The attack requires only limited knowledge of the victim system’s hardware. Attackers do not need 
access to the internal components of the victim chip, they simply collect corrupted signature outputs from 
the system while subjecting it to transient faults. Specifically, we inject faults by either manipulating the 
voltage supply or the environmental temperature, resulting in occasional transient faults in the processor’s 
multiplier. The injected faults create computation errors in the system’s RSA authentication routines, which 
we exploit to extract the private key. The attack is perpetrated on an unmodified OpenSSL (version 0.9.8i). 
When a sufficient number of corrupted messages have been collected, the private key can be extracted 
through offline analysis. Once the machine’s private key is acquired, it becomes possible for the attacker to 
pose as the compromised server to unsuspecting clients. 

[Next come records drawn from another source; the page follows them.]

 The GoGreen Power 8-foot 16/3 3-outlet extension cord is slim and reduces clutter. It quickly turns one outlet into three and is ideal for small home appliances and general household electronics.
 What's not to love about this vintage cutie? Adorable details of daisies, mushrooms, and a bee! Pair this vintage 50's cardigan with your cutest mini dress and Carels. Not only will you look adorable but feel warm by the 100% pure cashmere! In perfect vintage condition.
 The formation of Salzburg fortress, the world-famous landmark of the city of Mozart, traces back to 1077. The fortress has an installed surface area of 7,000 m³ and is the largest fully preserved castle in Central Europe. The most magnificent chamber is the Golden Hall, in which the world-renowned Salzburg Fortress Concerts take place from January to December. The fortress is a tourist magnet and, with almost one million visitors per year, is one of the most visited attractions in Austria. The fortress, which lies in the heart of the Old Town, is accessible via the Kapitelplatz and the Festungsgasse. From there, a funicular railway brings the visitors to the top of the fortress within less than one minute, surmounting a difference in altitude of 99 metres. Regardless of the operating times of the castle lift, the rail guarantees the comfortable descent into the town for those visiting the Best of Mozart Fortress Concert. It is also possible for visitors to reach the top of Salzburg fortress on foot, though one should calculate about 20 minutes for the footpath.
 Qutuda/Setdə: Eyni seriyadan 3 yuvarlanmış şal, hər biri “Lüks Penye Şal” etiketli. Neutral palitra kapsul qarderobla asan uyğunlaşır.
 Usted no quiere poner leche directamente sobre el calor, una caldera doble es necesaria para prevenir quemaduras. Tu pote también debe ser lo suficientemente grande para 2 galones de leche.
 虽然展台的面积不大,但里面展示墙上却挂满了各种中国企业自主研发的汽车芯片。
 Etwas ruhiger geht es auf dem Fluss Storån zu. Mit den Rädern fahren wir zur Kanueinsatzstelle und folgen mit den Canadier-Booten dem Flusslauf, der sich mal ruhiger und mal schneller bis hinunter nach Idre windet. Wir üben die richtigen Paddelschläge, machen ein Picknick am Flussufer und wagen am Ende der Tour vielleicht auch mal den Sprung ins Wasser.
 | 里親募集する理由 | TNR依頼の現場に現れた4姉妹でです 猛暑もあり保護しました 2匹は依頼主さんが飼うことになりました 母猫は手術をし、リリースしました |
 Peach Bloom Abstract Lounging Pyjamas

It is worth noting that this attack is immune to protection mechanisms such as system bus and/or memory 
encryption, and that it does not damage the device, thus no tamper evidence is left to indicate that a system 
has been compromised. 

This project was developed in our reliability research lab at the University of Michigan. The attack first 
appeared in [8]. Moreover, the study on the impact of temperature variations in generating transient failures 
was conducted as part of a course project led by Prof. Todd Austin in the Fall of 2010. 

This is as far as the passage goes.